I stand in front of my bathroom mirror, putting the final touches on my makeup before work. Overall, I’ve enjoyed working at Revamp. Malcolm is a sleaze, but Maggie is really great and I love being the first to check out any new inventory that comes in before we have to put it out for customers. Becca, the owner of the shop, is probably in her early sixties, but you wouldn’t know it by looking at her. She has beautiful olive skin, blue ombre colored hair that she keeps cut in a pixie style, and perpetually looks like she’s stuck in the 90s grunge era of fashion. I love her weekly visits to check in on us and ask our opinions. I’ve always loved fashion, and it’snice to have a creative outlet to spread my wings, so to speak.

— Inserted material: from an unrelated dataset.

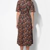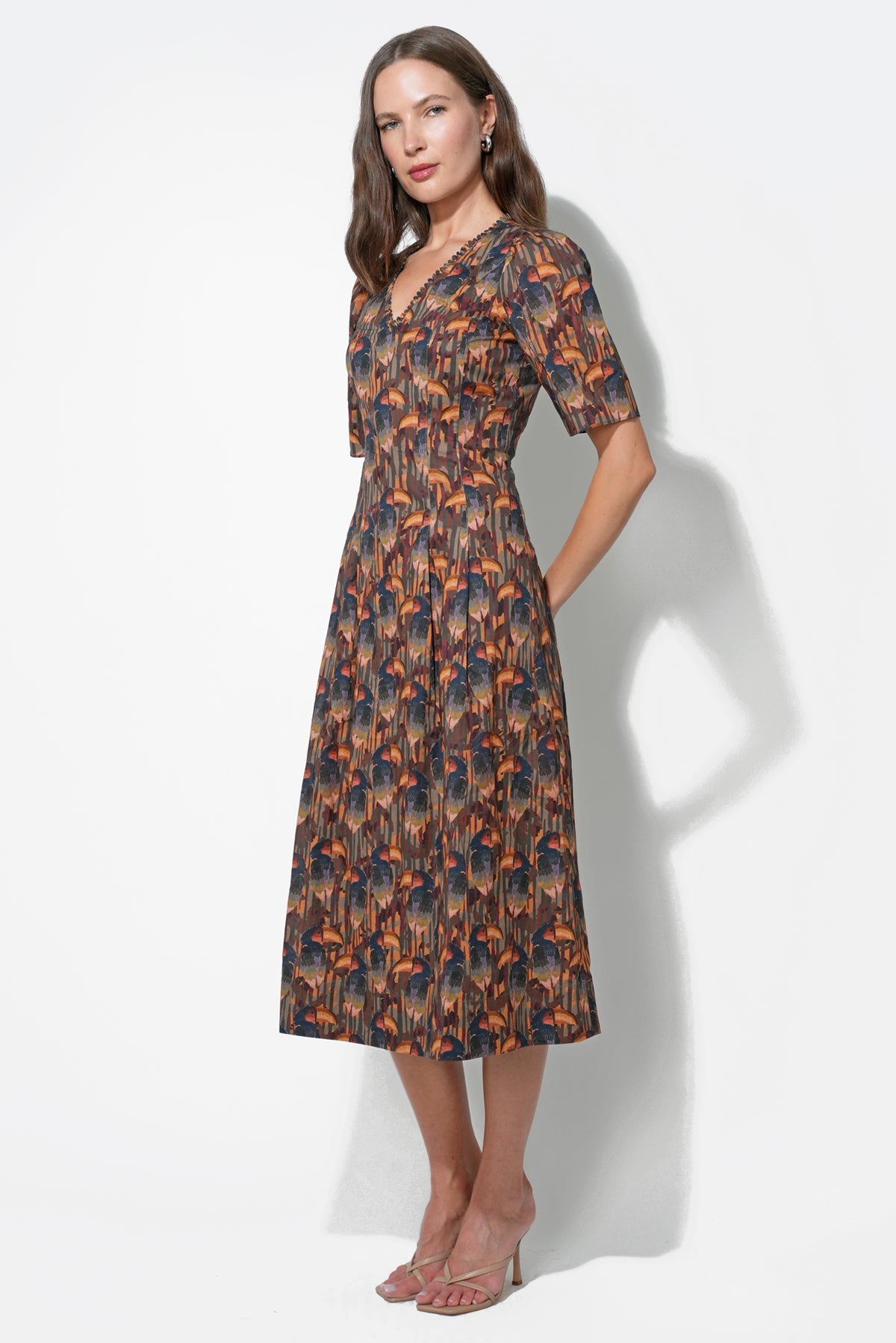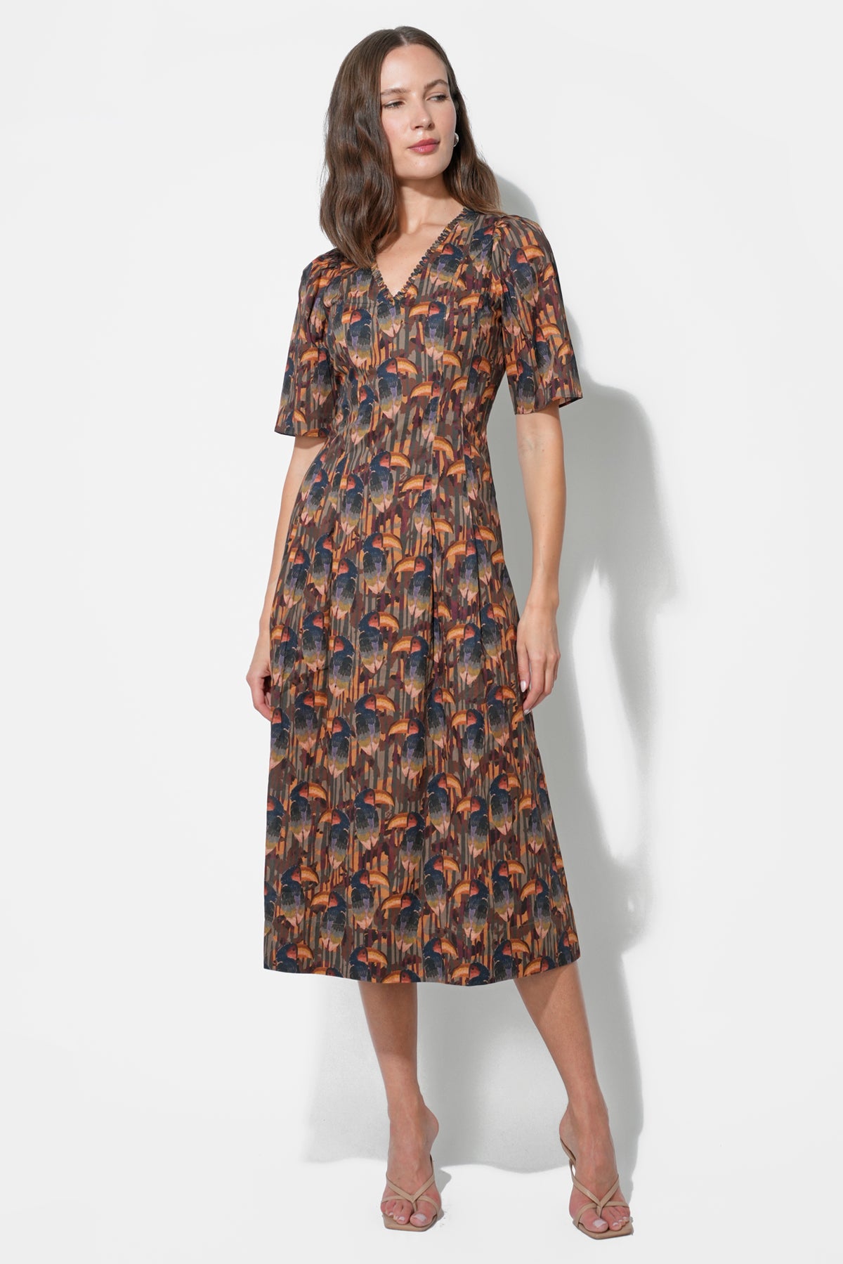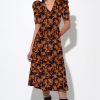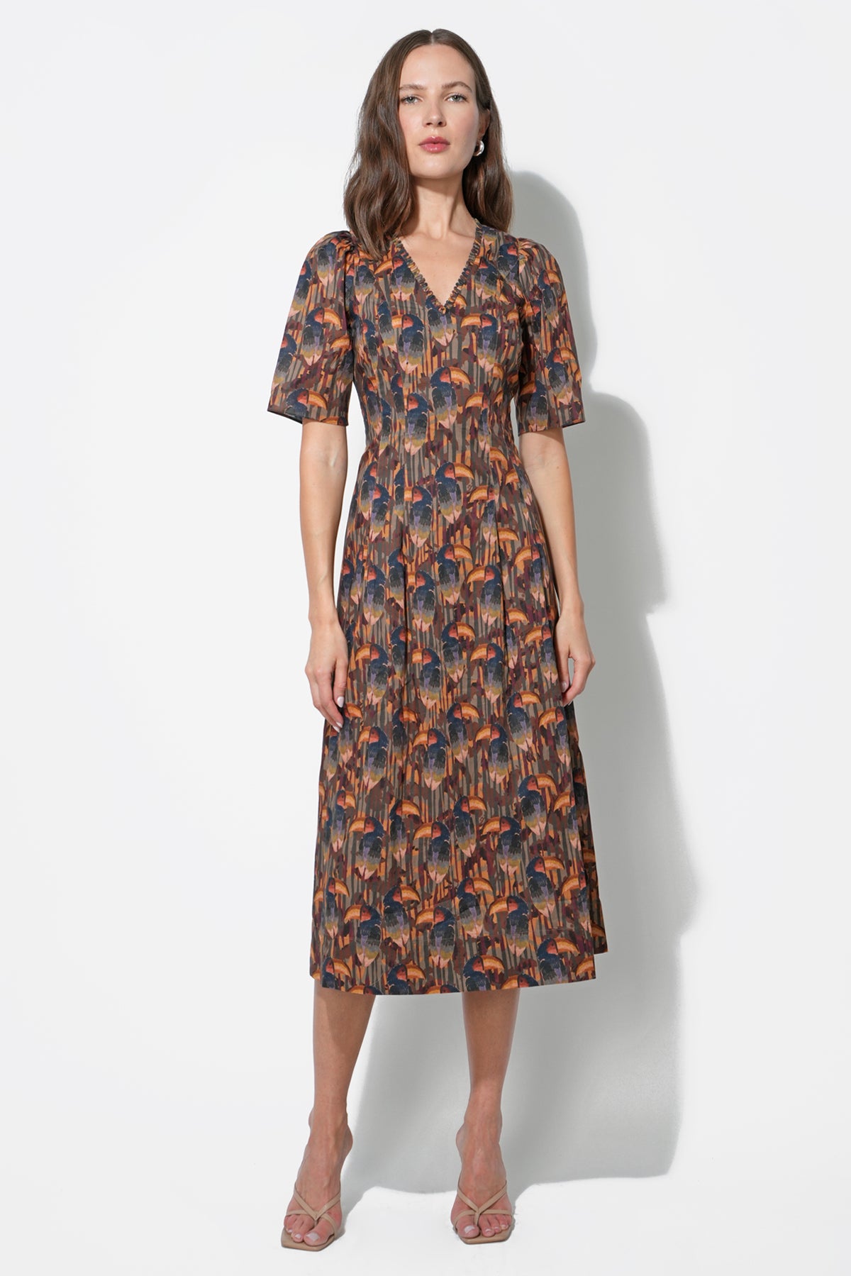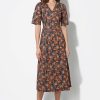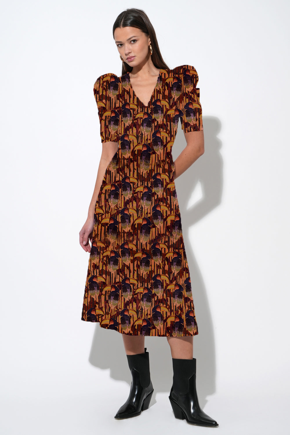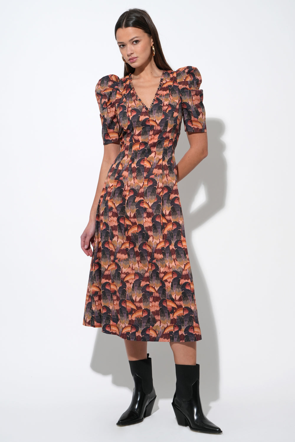 This stunning midi dress, in a captivating bright pink hue with a subtle textured finish, is designed to make a statement. It features a flattering V-neckline and romantic short puff sleeves, adding a touch of feminine elegance.

As I slip on my dark skinny jeans and checkered vans, I hear Everett’s voice filtering through my bedroom door. He’s screaming at the tv in the living room and I already know he’s watching baseball highlights from last night’s game. The man has a lot of vices, that’s for sure. I think he’d probably die without baseball, cigarettes, and ink. I come downstairs and see him sitting on the couch, watching last night’s game and sketching a very intricate design that is going to make a beautiful tattoo. I take a second to just watch him work, his powerful hands moving effortlessly across the page, bringing the design to life. It’s an intricate mandala, the sharp lines and delicate details popping off the page already. It’s absolutely gorgeous and I find myself feeling envious of the person who will bear that design. Seeing inside his creative process is like looking behind the scenes at a masterpiece in the making. He’s laser focused on his work, the determination to complete an amazing sketch written all over his face. I don’t know why he seems worried, though. His clients are never disappointed.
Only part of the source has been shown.